═════ Supplied material

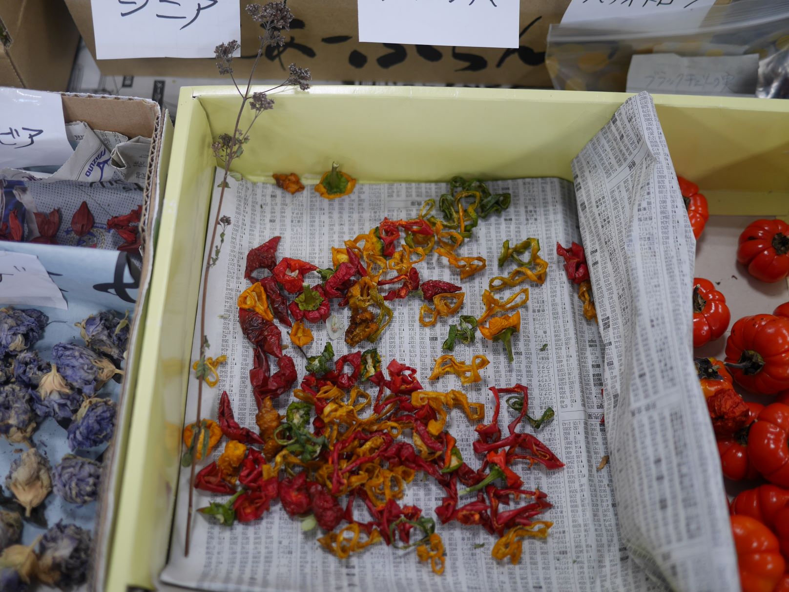 変わったものではミニパプリカのスライスを乾燥させたものやソラナム、トウモロコシ等も並んでいました。
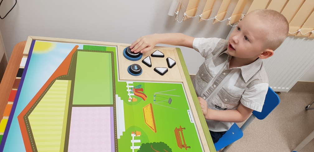 · Рабочая панель - оснащена сменными ковриками и двумя пультами управления с большими кнопками; Здесь дети развивают пространственную ориентацию (повторяют направление: вверх, вниз, лево, право) и также развивают мелкую моторику;
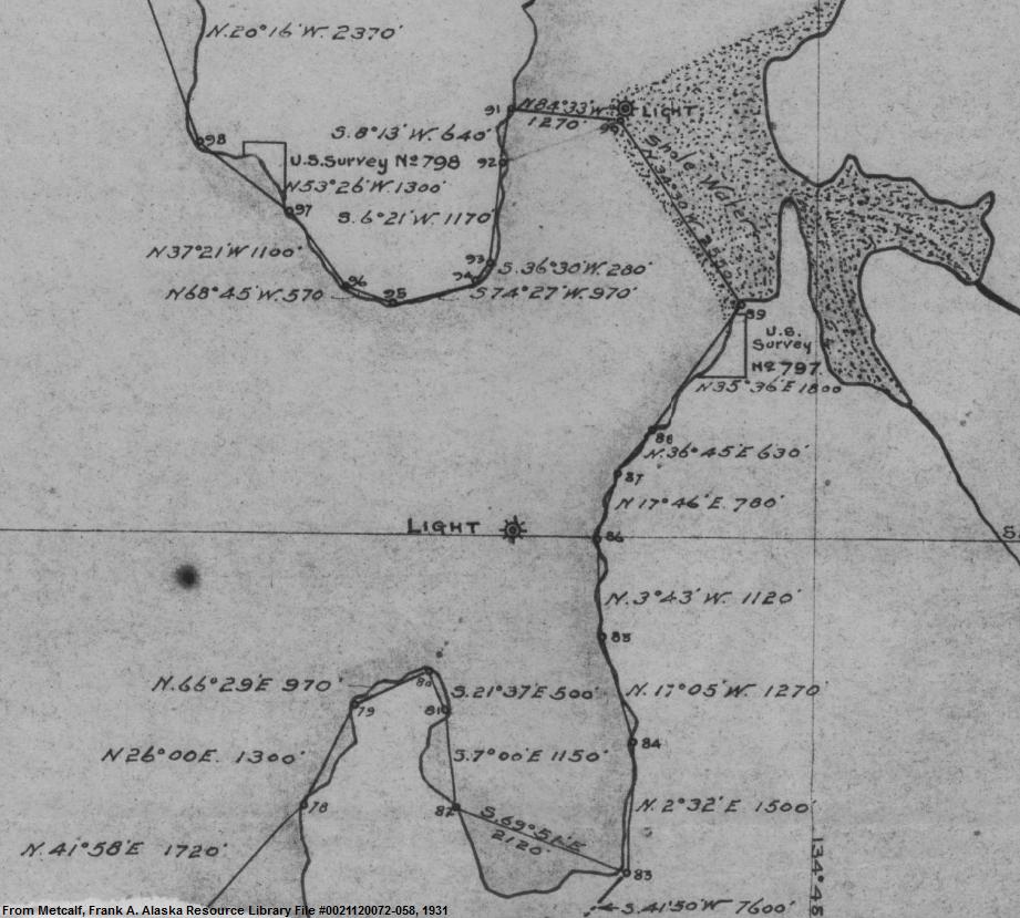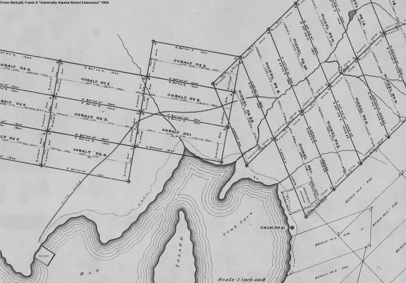 After previously writing about local water use for industry and power generation at Funter Bay, I came across a few more maps of such projects. The first, below, shows the pipeline from the Thlinket Packing Co cannery to “Nimrod Creek”, near “Pipeline Meadow” (local names). This creek is one of the larger and more reliable water sources convenient to the cannery. The grid lines on the map are old mining claims which have since lapsed. The small pond at the upper right is from a long-existing beaver dam which can still be found today.

══════════

_Activity_:
Without including any picture, output all the material exactly as it appears.

_Written reply_:
 変わったものではミニパプリカのスライスを乾燥させたものやソラナム、トウモロコシ等も並んでいました。
 · Рабочая панель - оснащена сменными ковриками и двумя пультами управления с большими кнопками; Здесь дети развивают пространственную ориентацию (повторяют направление: вверх, вниз, лево, право) и также развивают мелкую моторику;
 After previously writing about local water use for industry and power generation at Funter Bay, I came across a few more maps of such projects. The first, below, shows the pipeline from the Thlinket Packing Co cannery to “Nimrod Creek”, near “Pipeline Meadow” (local names). This creek is one of the larger and more reliable water sources convenient to the cannery. The grid lines on the map are old mining claims which have since lapsed. The small pond at the upper right is from a long-existing beaver dam which can still be found today.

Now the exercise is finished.